Adaline y croit du plus profond de son cœur. Et Steros prend un plaisir fou à écraser sa confiance en leur Princesse.
— Wanda Creighton est actuellement morte, ou proche de l'être. Pendant que je vous attirais ici et que vous n'avez pas résisté le moins du monde, Mabel a déclenché une série d'avalanches qui ont emportés les gens du nord de l'Aerador et a déployé ses démons dans les avant-postes. À cette heure, la frontière a été prise et avec les montagnes, Rune Wyvern, capturé et enchaîné à Fedgarth. Wanda Creighton ne viendra pas, petite sotte. Parce que Delarosa ne la préviendra pas. Parce qu'elle est déjà en train de courir à sa perte à Fedgarth pour sauver son cousin. Vous allez mourir ici et aujourd'hui, Adaline...à moins que vous ne reveniez à la raison, ce que je vous conseille fortement.

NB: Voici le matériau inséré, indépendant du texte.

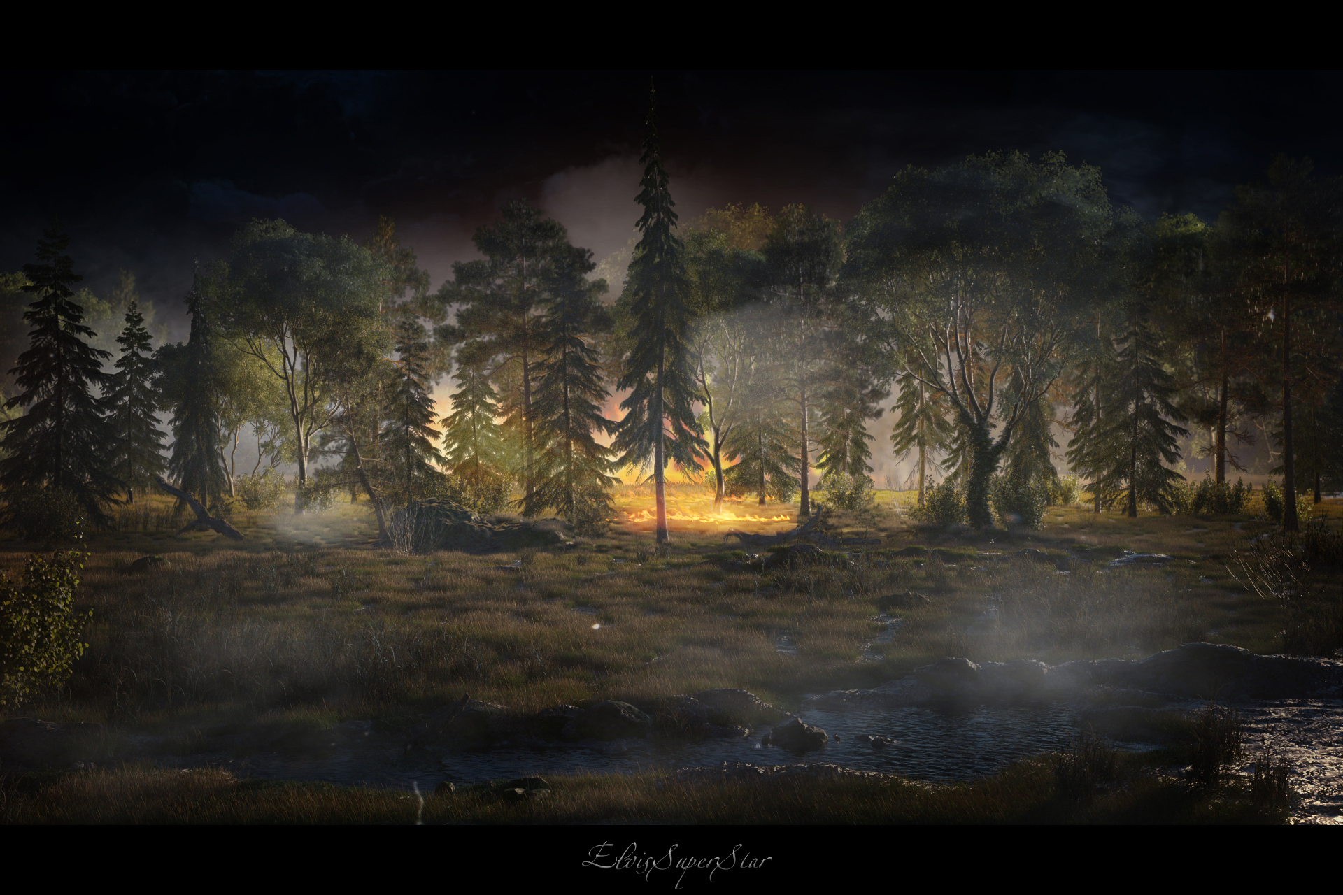 Мне кажется, в реальности больше было бы отсветов пламени на кронах деревьев, чем внизу. Если даже просто костер в лесу жечь, то кроны ярко освещены.
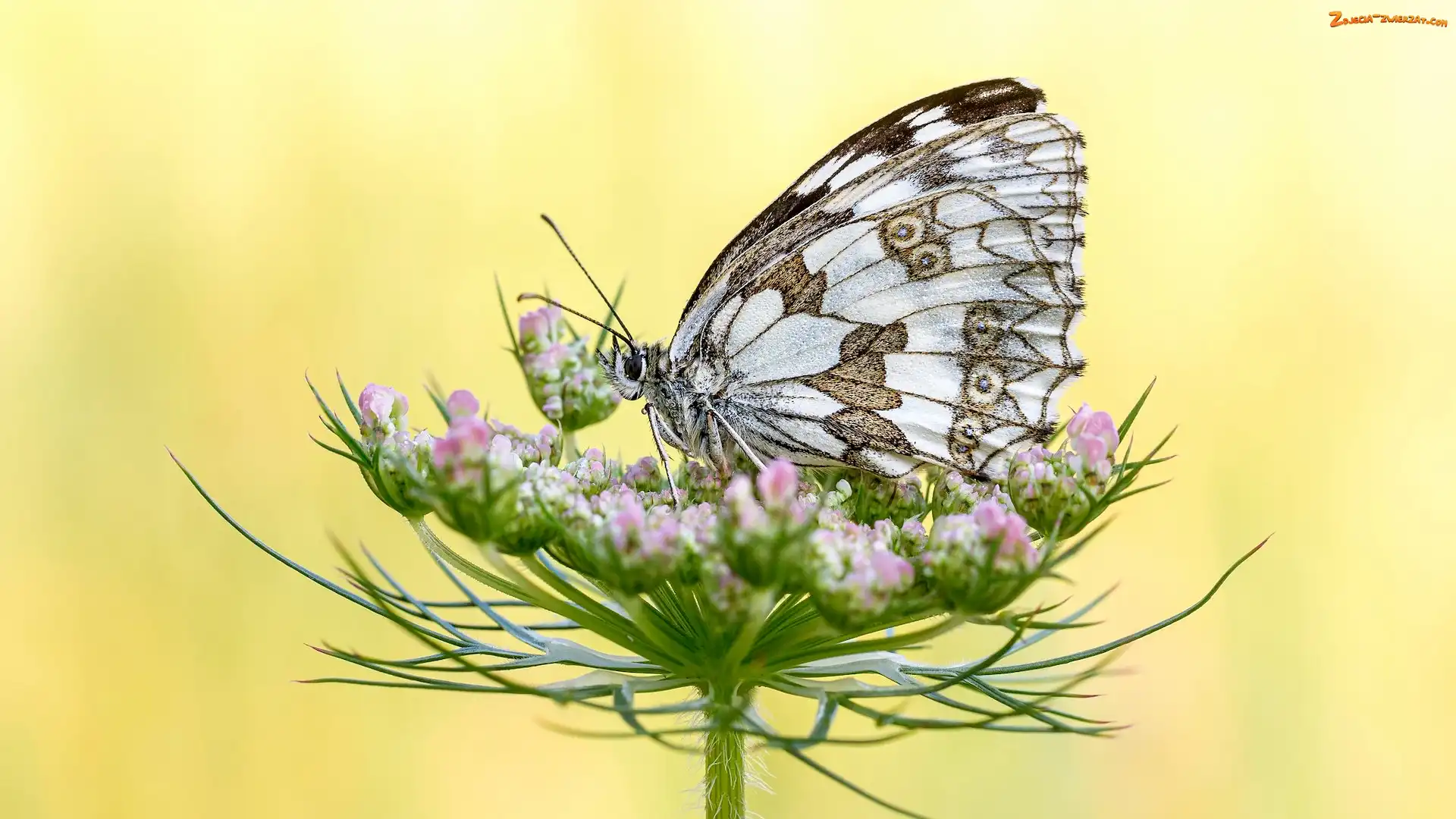 Zdjęcie: Polowiec szachownica, Żółte tło, Motyl, Roślina
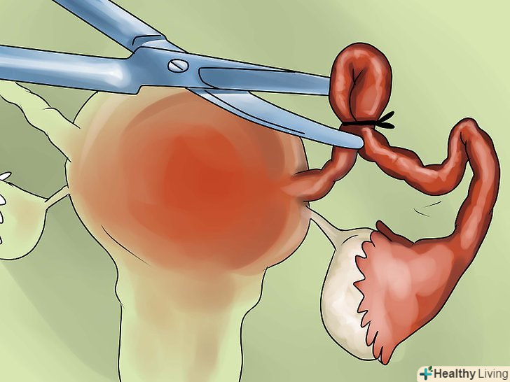 Пройдіть хірургічну стерилізацію.хірургічну стерилізацію зазвичай називають перев'язуванням маткових труб. При цій операції фаллопієві труби перев'язують або перерізають.[15]- Чоловіча стерилізація називається вазектомією. При цій операції перерізають або перев'язують сім'явивідні протоки, через які сперма з яєчок переноситься до пеніса. Так, сперма поглинається організмом, а не виводиться назовні.[16]
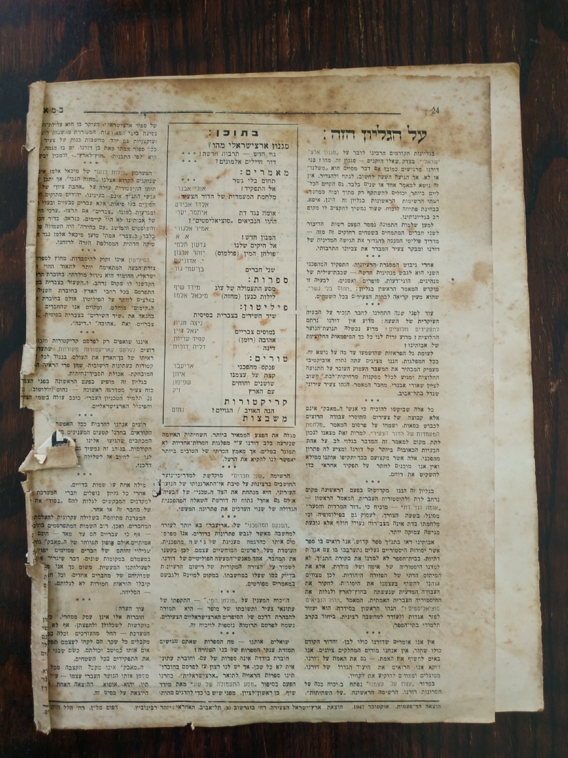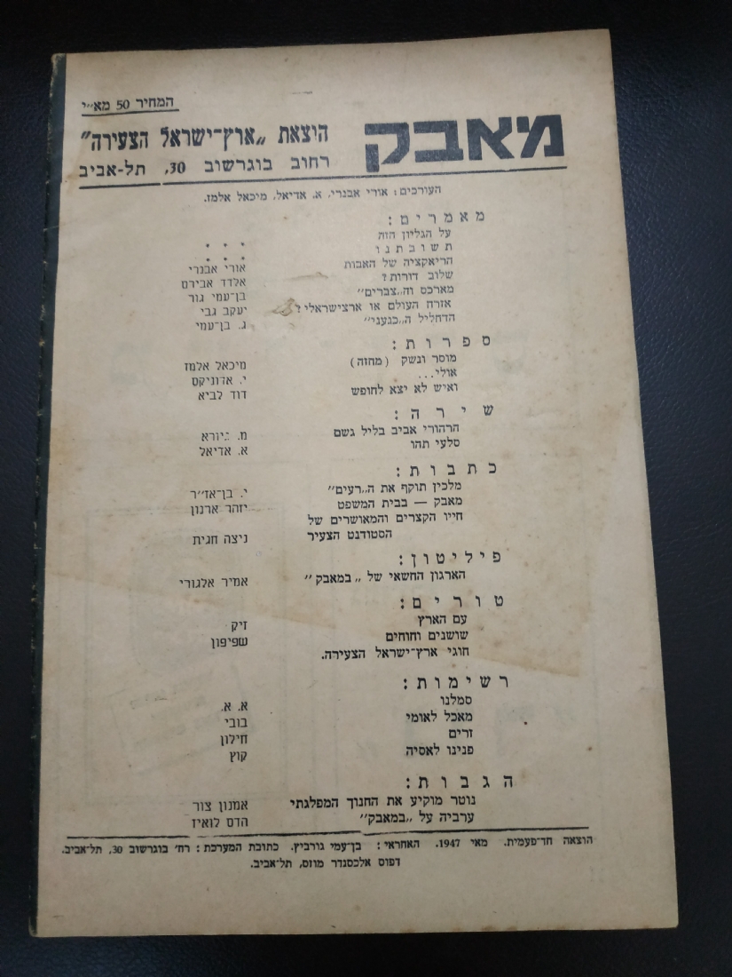 גליון של 'מאבק' בהוצאת 'ארץ ישראל הצעירה', הוצאה חד פעמית, מאי 1947

Nox ne prend pas la peine de rétorquer et d'argumenter, car elle lit toute la sincérité de Steros dans son regard de vieille Sorcière maléfique. Elle a entrepris de fracturer ses espérances et la balancer plus bas que terre, à l'agonie et dans un affreux désespoir. Pourtant, elle se stupéfait à découvrir de l'inquiétude, à la courbure de ses épaules, au léger souffle qu'elle se permet, à ses poings desserrés. Adaline ne songe qu'à la Princesse qui doit gérer cette guerre sur tous les fronts et qui se focalise évidemment sur son cousin. Elle a pitié de cette femme qu'elle admirait tant autrefois. En la perçant à jour et en la comprenant mieux, il s'avère que personne ne désirerait être Wanda Creighton de son plein gré, personne. Elle court de tous les côtés, règle les affaires de tout le monde et fait face à beaucoup trop d'oppositions malgré tous ses efforts pour assurer la paix. C'est inhumain et injustice. La Directrice vibre de rage.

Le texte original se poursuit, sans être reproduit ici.